* WORK TASK *
Without the pictures, retype each line below exactly as it stands.

* THE DATA *
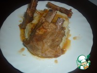 Ребрышки готовы, достаем. На гарнир можете подать все, что угодно. У нас на гарнир пюре. Пюре поливаем соусом и выкладываем ребрышки. Приятного аппетита. |
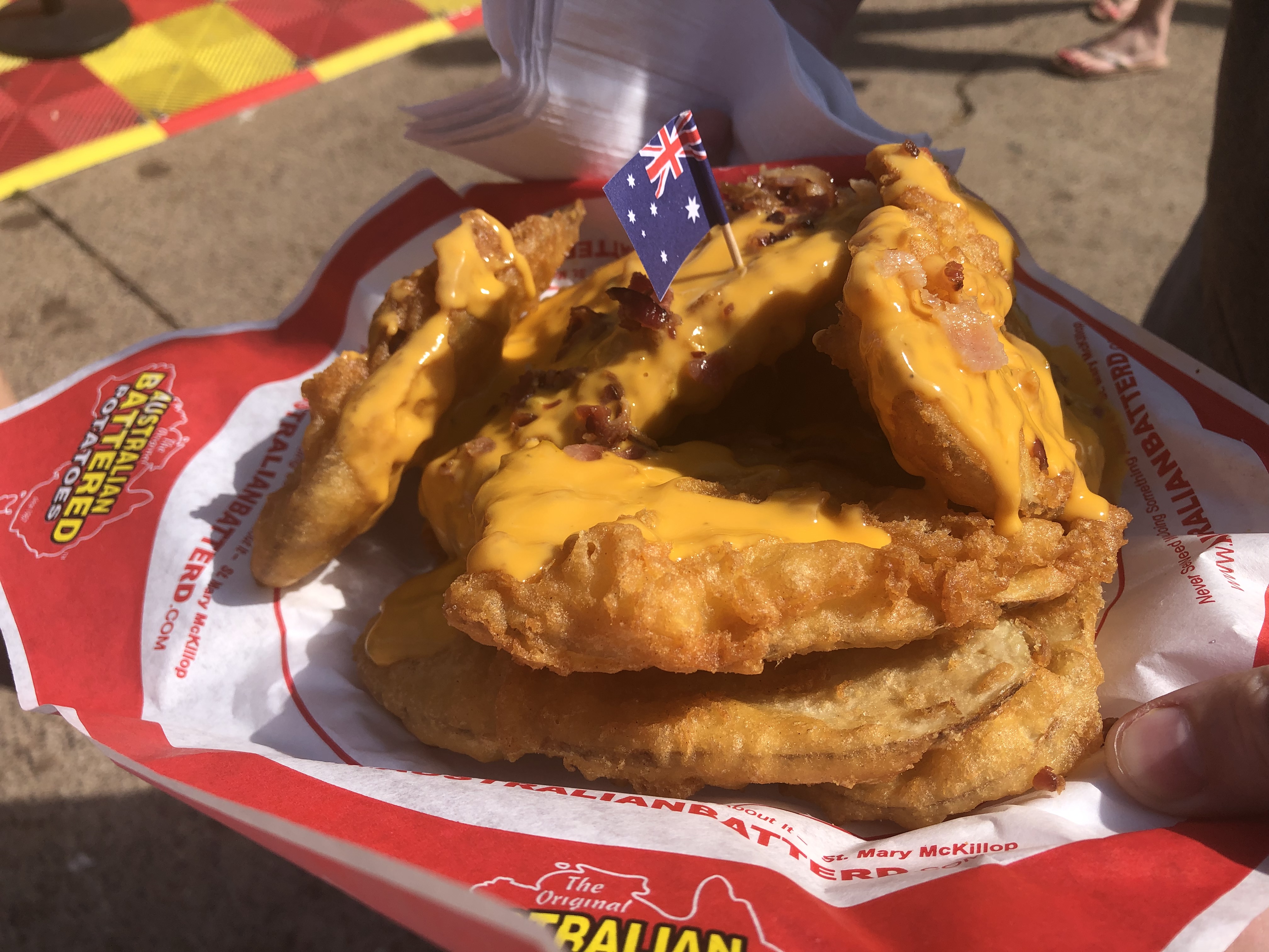 Australian Battered Potatoes - cheese and bacon - $14.00
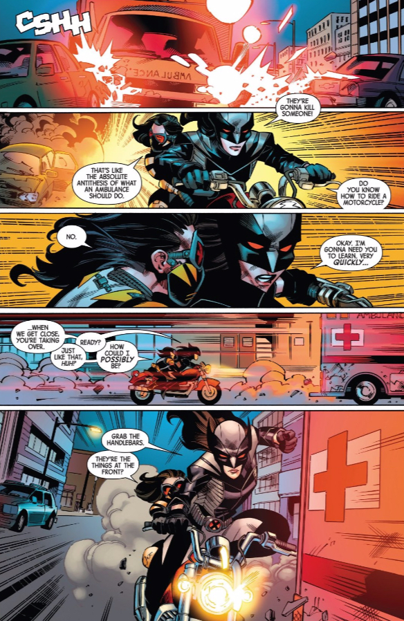 Also, considering Kate’s history has given her two of the most distinctive cars that comics characters has ever had, did anyone find it was weird to have her drive around a car that is specifically not her car, when it isn’t either her car from Fraction’s Hawkeye or her current one in her own book?
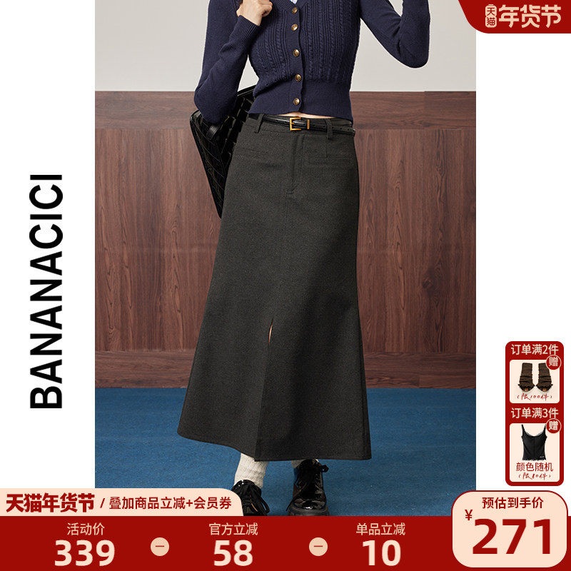 BANANA CICI2025年冬季复古鱼尾前开衩高腰长款包臀半身长裙

* ANSWER AREA *
 Ребрышки готовы, достаем. На гарнир можете подать все, что угодно. У нас на гарнир пюре. Пюре поливаем соусом и выкладываем ребрышки. Приятного аппетита. |
 Australian Battered Potatoes - cheese and bacon - $14.00
 Also, considering Kate’s history has given her two of the most distinctive cars that comics characters has ever had, did anyone find it was weird to have her drive around a car that is specifically not her car, when it isn’t either her car from Fraction’s Hawkeye or her current one in her own book?
 BANANA CICI2025年冬季复古鱼尾前开衩高腰长款包臀半身长裙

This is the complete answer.